C’est l’introduction de normes de mieux-être, les normes WELL et Fitwel en particulier, qui selon John Mlade a changé la donne. « Vous pouvez axer la conception sur le mieux-être des occupants, mais il est difficile de vendre cette approche sans pouvoir faire appel à des cadres qui arriment le processus de conception, quelque chose que l’on peut montrer au client.
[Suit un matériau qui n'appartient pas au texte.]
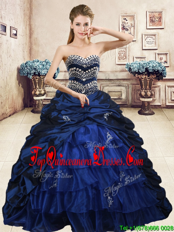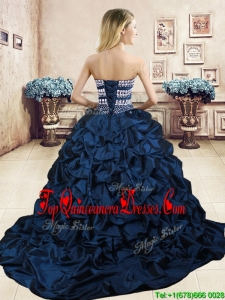 Luxurious Navy Blue Brush Train Quinceanera Dress with Beading and Pick Ups
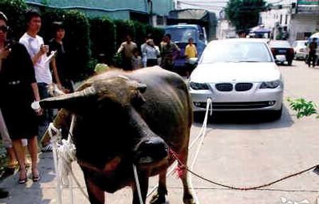 去年7月,她在廣州的鬧市中,上演了一出老牛拉寶馬的“拉風”事件。當時,因為才買不久的寶馬車出故障,馬映華沒有得到滿意和及時的解決而與經銷商發生爭執,一氣之下,她找來了一頭水牛拉著寶馬車在維修點前“示威”。
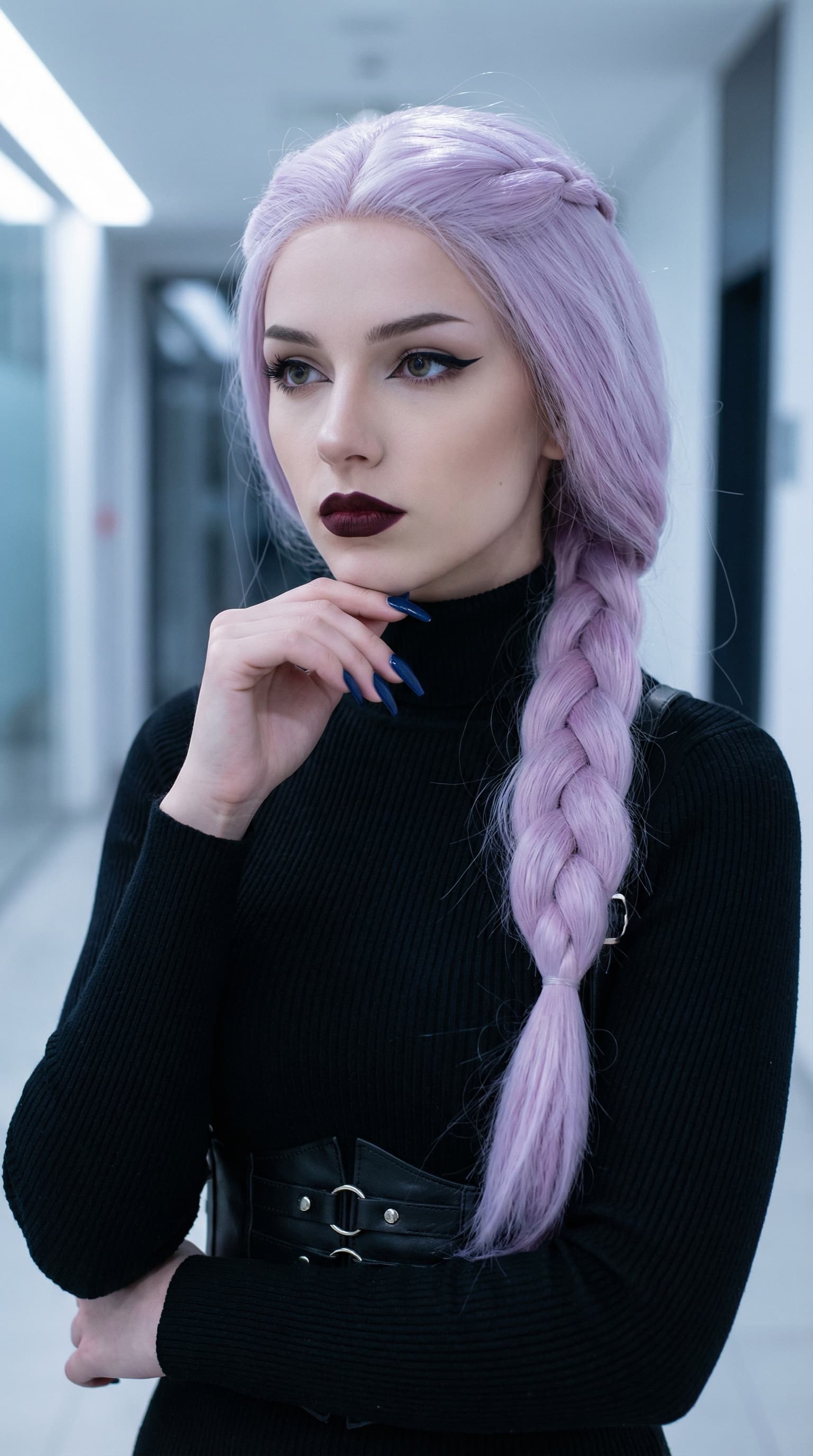 A young woman with lavender hair and dark makeup poses in a stark hallway. Her serious expression and gothic-inspired...
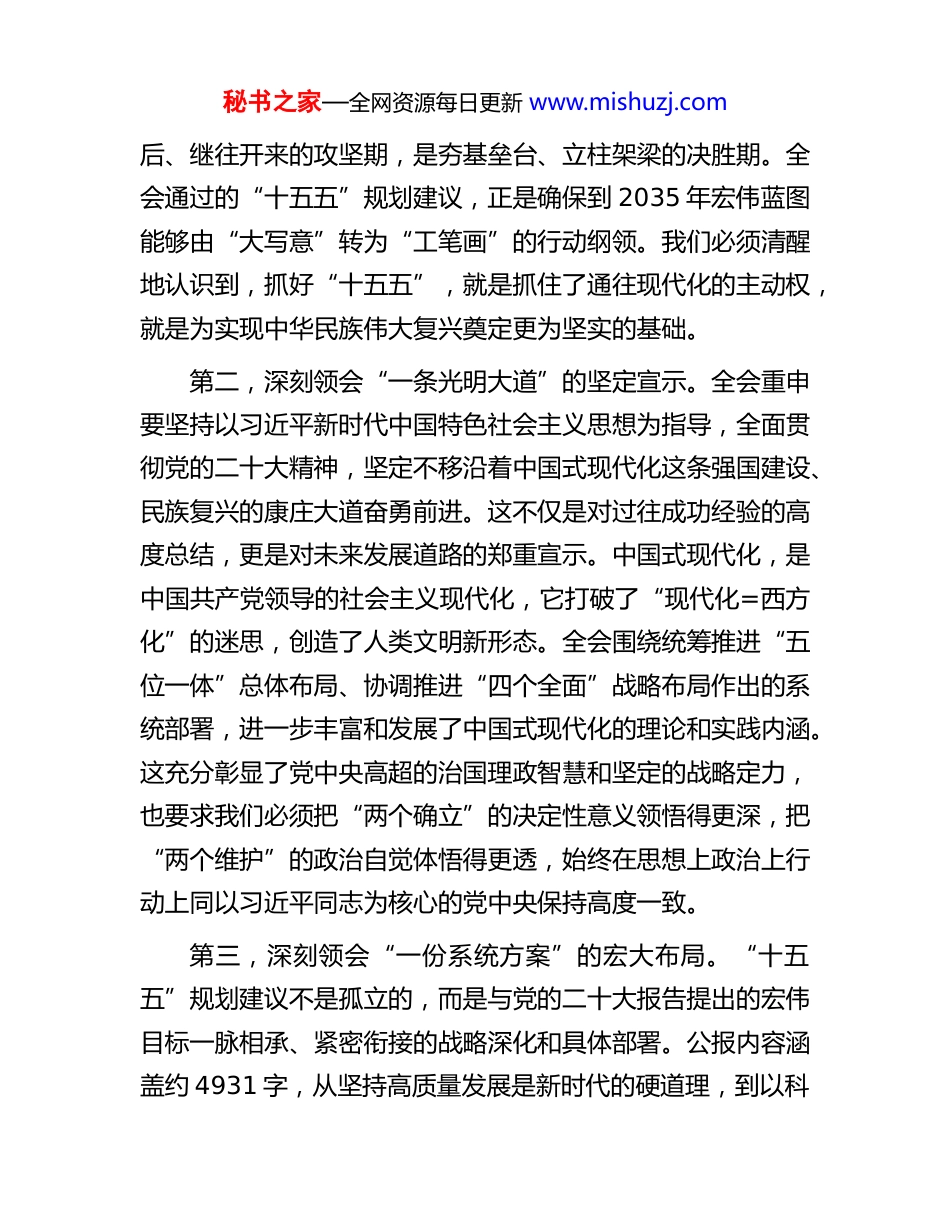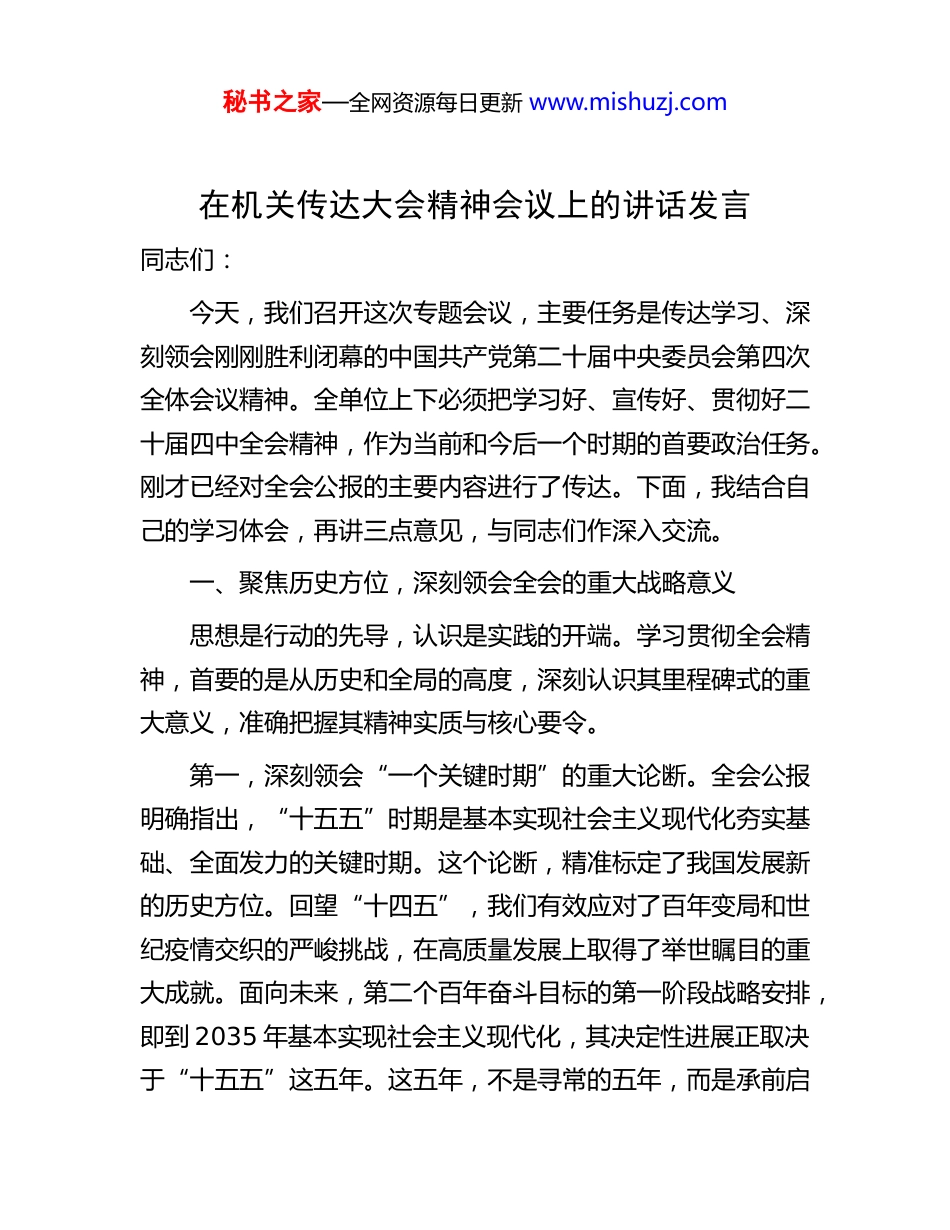 秘书之家—全网资源每日更新 www.mishuzj.com在机关传达大会精神会议上的讲话发言同志们:今天,我们召开这次专题会议,主要任务是传达学习、深刻领会刚刚胜利闭幕的中国共产党第二十届中央委员会第四次全体会议精神。全单位上下必须把学习好、宣传好、贯彻好二十届四中全会精神,作为当前和今后一个时期的首要政治任务。刚才已经对全会公报的主要内容进行了传达。下面,我结合自己的学习体会,再讲三点意见,与同志们作深入交流。一、聚焦历史方位,深刻领会全会的重大战略意义思想是行动的先导,认识是实践的开端。学习贯彻全会精神,首要的是从历史和全局的高度,深刻认识其里程碑式的重大意义,准确把握其精神实质与核心要令。第一,深刻领会“一个关键时期”的重大论断。全会公报明确指出,“十五五”时期是基本实现社会主义现代化夯实基础、全面发力的关键时期。这个论断,精准标定了我国发展新的历史方位。回望“十四五”,我们有效应对了百年变局和世纪疫情交织的严峻挑战,在高质量发展上取得了举世瞩目的重大成就。面向未来,第二个百年奋斗目标的第一阶段战略安排,即到 2035 年基本实现社会主义现代化,其决定性进展正取决于“十五五”这五年。这五年,不是寻常的五年,而是承前启秘书之家—全网资源每日更新 www.mishuzj.com后、继往开来的攻坚期,是夯基垒台、立柱架梁的决胜期。全会通过的“十五五”规划建议,正是确保到 2035 年宏伟蓝图能够由“大写意”转为“工笔画”的行动纲领。我们必须清醒地认识到,抓好“十五五”,就是抓住了通往现代化的主动权,就是为实现中华民族伟大复兴奠定更为坚实的基础。第二,深刻领会“一条光明大道”的坚定宣示。全会重申要坚持以习近平新时代中国特色社会主义思想为指导,全面贯彻党的二十大精神,坚定不移沿着中国式现代化这条强国建设、民族复兴的康庄大道奋勇前进。这不仅是对过往成功经验的高度总结,更是对未来发展道路的郑重宣示。中国式现代化,是中国共产党领导的社会主义现代化,它打破了“现代化=西方化”的迷思,创造了人类文明新形态。全会围绕统筹推进“五位一体”总体布局、协调推进“四个全面”战略布局作出的系统部署,进一步丰富和发展了中国式现代化的理论和实践内涵。这充分彰显了党中央高超的治国理政智慧和坚定的战略定力,也要求我们必须把“两个确立”的决定性意义领悟得更深,把“两个维护”的政治自觉体悟得更透,始终在思想上政治上行动上同以习近平同志为核心的党中央保持高度一致。第三,深刻领会“一份系统方案”的宏大布局。“十五五”规划建议不是孤立的,而是与党的二十大报告提出的宏伟目标一脉相承、紧密衔接的战略深化和具体部署。公报内容涵盖约 4931 字,从坚持高质量发展是新时代的硬道理,到以科秘书之家—全网资源每日更新 www.mishuzj.com技自立自强引领现代化产业体系建设;从全面深化改革构建高水平社会主义市场经济体制,到推进城乡融合和区域协调发展;从建设更高水平的文化强国,到切实增进民生福祉;从推动绿色发展促进人与自然和谐共生,到统筹发展和安全建设更高水平的平安中国乃至推进祖国统一大业和全面从严治党等,共计作出了 12 个方面的战略部署。这些部署,既有高瞻远瞩的战略擘画,又有精准务实的战术安排,构成了一个逻辑严密、内涵丰富、系统集成的“任务书”和“施工图”。特别是其中首次提出的“航天强国”、“交通强国”等新概念,进一步明确了重点突破方向,展现了党和国家面向未来的雄心壮志。二、心怀国之大者,在服务高质量发展上实现新作为蓝图已经绘就,关键在于落实。学习贯彻全会精神,不能停留在口头上、满足于“已阅”,而必须紧密结合单位的职能定位和工作实际,找准切入点、结合点、发力点,将全会精神转化为推动地区高质量发展的强大动力和生动实践。第一,要以新质生产力为牵引,全力服务现代化产业体系建设。全会把发展新质生产力、建设现代化产业体系放在了突出位置。这是推动高质量发展的必然要求。我们单位,虽然不直接创造 GDP,但却是经济社会发展的“护航员”和“服务员”。一方面,要持续优化法治化营商环境。要像爱护眼睛...
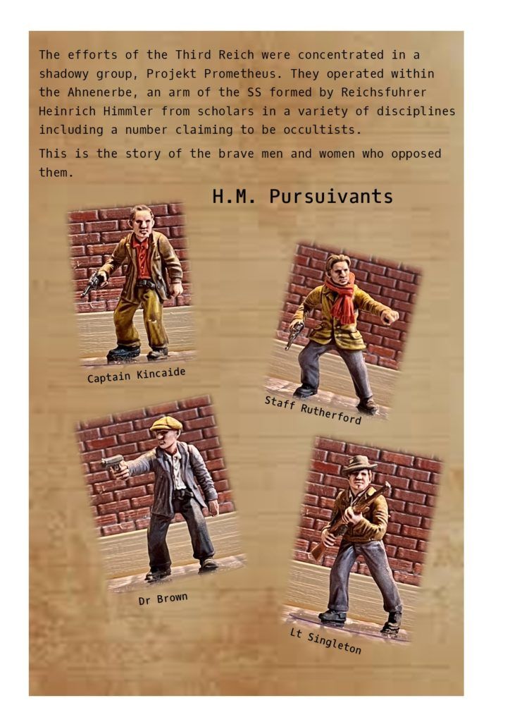 I have designed a set of Pulp Alley Character Cards for Pursuivant Agents, Germans, Guard Dogs & Deep Ones. I will add additional adversaries as our campaign gets underway. You can click here to download the Free Character Cards. If you have not played Pulp Alley before, Click here to find out what it is all about. The page also includes links to download a free copy of the Pulp Alley introductory rules.

Les normes WELL et Fitwel jouent ce rôle, et c’est ça qui a fait la différence. »
La certification WELL est offerte par l’International WELL Building Institute (IWBI), une société privée lancée en 2013. Il s’agit d’un processus très rigoureux et assez dispendieux, coûtant environ 40 000 $US par année pour un immeuble de 9 000 m2, qui comprend l’évaluation continue par un évaluateur WELL indépendant.
En plus de surveiller la qualité de la lumière, du bruit, de l’air et de l’eau dans un immeuble, l’évaluateur examine également des aspects qui tombent moins clairement dans le champ de compétence des concepteurs d’immeubles, comme les menus des cafétérias et les politiques en matière de paternité, ou les technologies portables qui surveillent l’activité et le sommeil des occupants. Certaines normes sont des conditions préalables à la certification alors que d’autres sont facultatives et permettent aux immeubles d’atteindre des niveaux de certification plus élevés, les niveaux argent, or et platine. En comparaison, Fitwel, basé aux États-Unis, est le fruit d’une collaboration entre des organismes fédéraux et des concepteurs privés. Le programme n’impose pas de conditions préalables et est plus subjectif, reposant sur la rétroaction des occupants. Il est également beaucoup moins coûteux, à environ 5 000 $US par année pour un immeuble de 9 000 m2. « Ce n’est pas aussi poussé que WELL, mais c’est beaucoup plus accessible, soutient John Mlade. WELL n’est pas à la portée de tous, et je pense que ça marchera principalement pour les immeubles de bureaux plus pointus. »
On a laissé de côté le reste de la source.